HOLYSHEEP_API_KEY = os.environ.get("HOLYSHEEP_API_KEY", "YOUR_HOLYSHEEP_API_KEY")
class RAGInferenceEngine:
"""Production RAG inference engine with HolySheep LLM backend."""
def __init__(self, api_key: str, vector_store: 'VectorStore', embeddings: 'HolySheepEmbeddings'):
self.api_key = api_key
self.vector_store = vector_store
self.embeddings = embeddings
self.session = requests.Session()
self.session.headers.update({
"Authorization": f"Bearer {self.api_key}",
"Content-Type": "application/json"
})
def build_prompt(self, query: str, contexts: List[Dict],
system_prompt: str = None) -> Dict[str, str]:
"""Assemble a RAG-optimized prompt with retrieved context."""
if system_prompt is None:
system_prompt = """You are an expert knowledge base assistant.
Answer user questions based ONLY on the provided context. If the answer cannot be
found in the context, say "I don't have enough information to answer this question."

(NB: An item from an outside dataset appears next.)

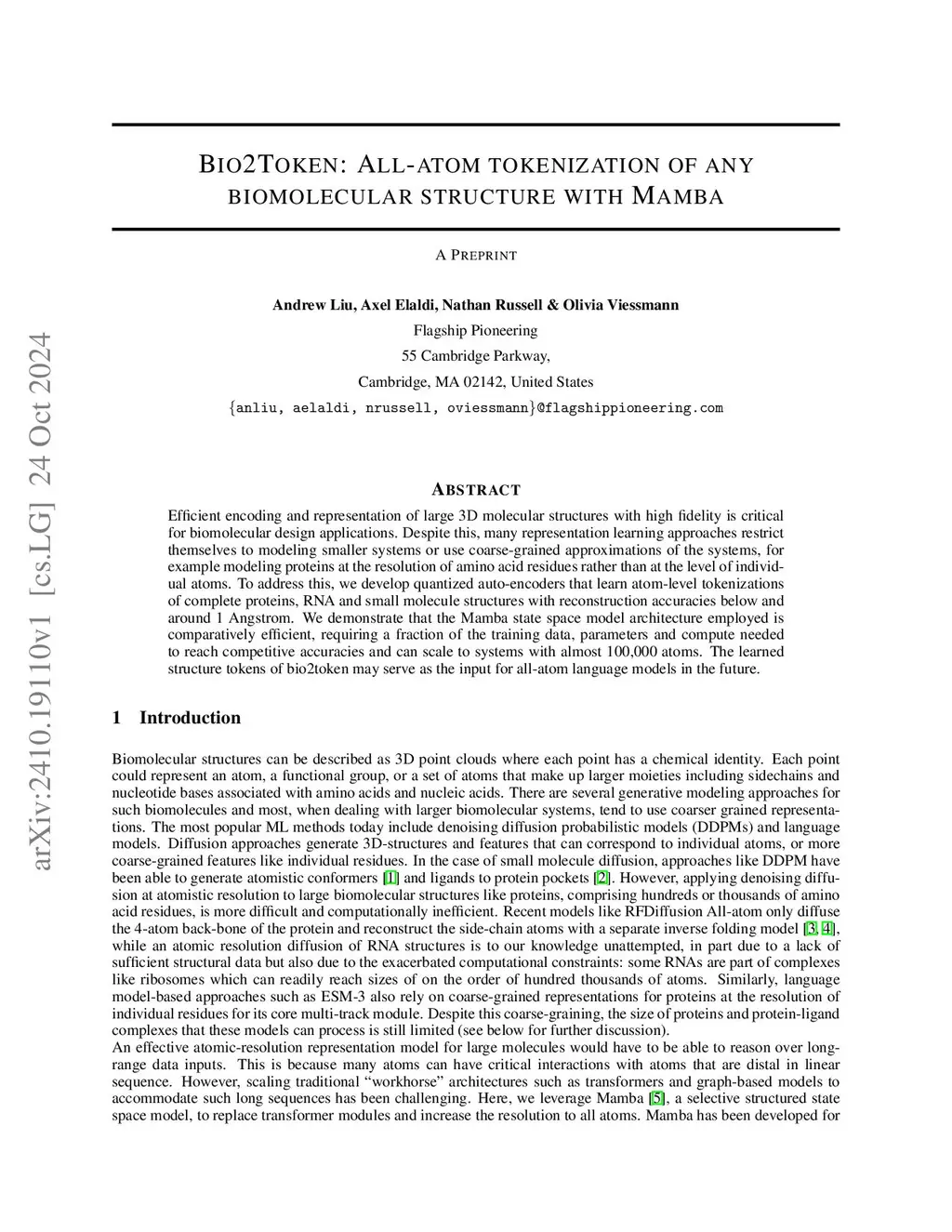 Bio2Token: All-atom tokenization of any biomolecular structure with Mamba

Always cite your sources using [Source: filename] notation."""
context_text = "\n\n".join([
f"[Source: {ctx['source']}] {ctx['text']}"
for ctx in contexts
])
user_prompt = f"""Context:
{context_text}
Question: {query}
Answer:"""
return {"system": system_prompt, "user": user_prompt}
def query(self, user_query: str, model: str = "deepseek-v3.2",
top_k: int = 5, max_tokens: int = 500, temperature: float = 0.3) -> Dict:
"""Execute a full RAG query with context retrieval and LLM inference."""
# Step 1: Embed the user query
query_vector = self.embeddings.embed_query(user_query)

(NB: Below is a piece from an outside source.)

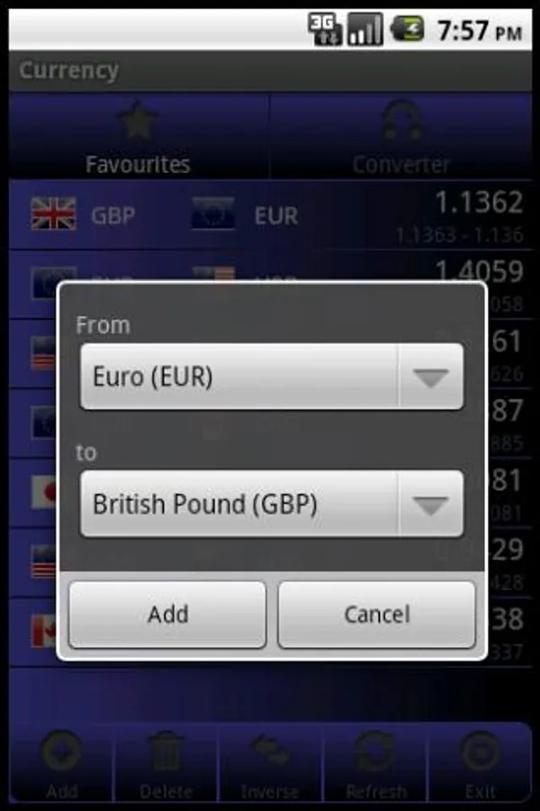 * Facility to add, remove and refresh currencies

# Step 2: Retrieve relevant context from vector store
contexts = self.vector_store.semantic_search(query_vector, top_k=top_k)
if not contexts:
return {
"answer": "No relevant information found in the knowledge base.",
"sources": [],
"model": model,
"usage": {"total_tokens": 0}
}
# Step 3: Build and execute LLM prompt via HolySheep
prompt = self.build_prompt(user_query, contexts)

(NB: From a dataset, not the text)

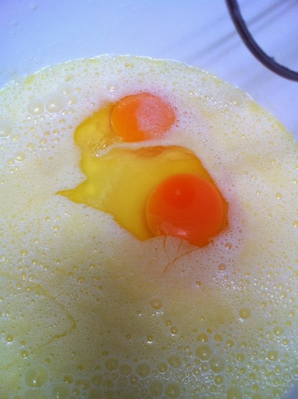 A continuación, añadiremos los dos huevos y las 6 cucharadas de azúcar ( 130 gr )
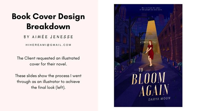 all around her. The very little light there is shines on her like a spotlight. She's holding a gun and she's either facing front or giving her back to the viewer (to display her scar). She's standing upright, although maybe holds her arm. She's half wounded but ready to fight what's coming. Semi-painterly style.'' ''Against a pristine white background, Meghan stands alone. She's laying on the ground on a fetal position, her hands around her legs, hee back to the viewer. From the bleeding wound on her shoulder, the pristine white is tainted by spots of red. They look like blood splotches on the ground but they are roses. This piece would have a very limited palette: Black, white and red. The lineart would be intricate and ink-like.'' Thumbnail #2 Thumbnail #3 This design was selected by the client

response = self._call_llm(
system_message=prompt["system"],
user_message=prompt["user"],
model=model,
max_tokens=max_tokens,
temperature=temperature
)
return {
"answer": response["choices"][0]["message"]["content"],
"sources": [{"source": c["source"], "score": c["score"]} for c in contexts],
"model": model,
"usage": response.get("usage", {})
}
def _call_llm(self, system_message: str, user_message: str,
model: str, max_tokens: int, temperature: float) -> Dict:
"""Internal LLM API call to HolySheep."""
import time
for attempt in range(3):
try:
response = self.session.post(
f"{HOLYSHEEP_BASE_URL}/chat/completions",
json={
"model": model,
"messages": [
{"role": "system", "content": system_message},
{"role": "user", "content": user_message}
],
"max_tokens": max_tokens,
"temperature": temperature
},
timeout=45
)
response.raise_for_status()
return response.json()
except requests.exceptions.RequestException as e:
if attempt == 2:
raise RuntimeError(f"HolySheep LLM API failed: {e}")
time.sleep(2 ** attempt)
return {"choices": [{"message": {"content": "API call failed"}}]}
Instantiate the RAG engine
rag_engine = RAGInferenceEngine(
api_key=HOLYSHEEP_API_KEY,
vector_store=vector_store,
embeddings=embeddings_client
)
Execute a sample query
result = rag_engine.query(
user_query="How do I reset the admin password?",
model="deepseek-v3.2",
top_k=3
)
print(f"Answer: {result['answer']}")
print(f"Sources: {result['sources']}")
print(f"Model: {result['model']} | Usage: {result['usage']}")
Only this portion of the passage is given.